By the way, what is it with Batman's female villains? Both Uma Thurman and Michelle Pfeiffer are frumpy mice with bad hair until someone tries to kill them and they turn evil. The moral of the story = "women, gain empowerment and men through crime and slinky outfits!"
Then as for Alicia Silverstone... no, on second thoughts, let's not. Fish in a barrel.

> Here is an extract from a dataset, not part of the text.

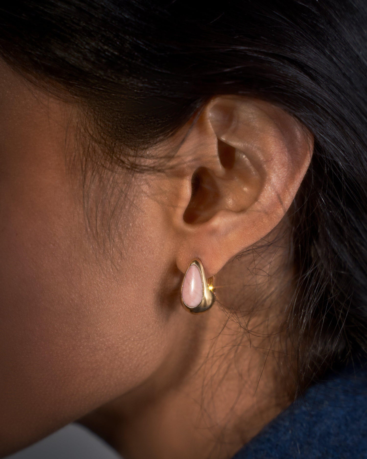 These Inlay Hammered Hoops by Pamela Love offer an organic yet sophisticated design, featuring mini hammered gold hoops with deep blue lapis inlay. Their irregular sculptural shape makes them a unique choice for everyday wear.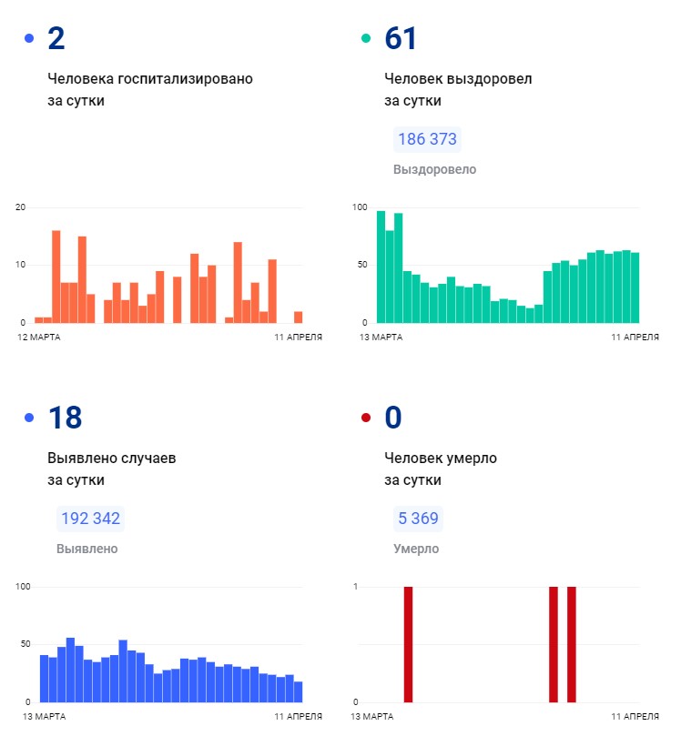 Всего с начала пандемии в регионе заболели 192 342 человека, а выздоровели — 186 373. Общее число умерших туляков за последнюю неделю не изменилось. К 11 апреля оно достигло 5 369.

This is such an appalling film in every single way that I admire it. Batman Forever is merely a mess, whereas Batman & Robin at least has a clear (albeit stupid) objective and is consistent in tone. Admittedly it appears to have taken as its role model a retarded child wearing disco lights having an epileptic fit in a fetish bar, but at least that's something you won't see every day. You'll scream in agony and run off to throw puppies and children off railway bridges after the first time you see even five minutes of it, but once the pain has passed you'll settle down and realise that, for instance, its Gotham is even more stylised than Burton's. They were trying to make something to rank alongside the 1960s Adam West film and that's exactly what they did. To the letter.
Recently I showed the Adam West thing to someone and had to turn it off at her request after half an hour because she hurt too much from laughing. Batman & Robin can similarly be a lot of fun, provided you don't make the mistake of approaching it like a real film. Given its reputation, there shouldn't be much danger of that.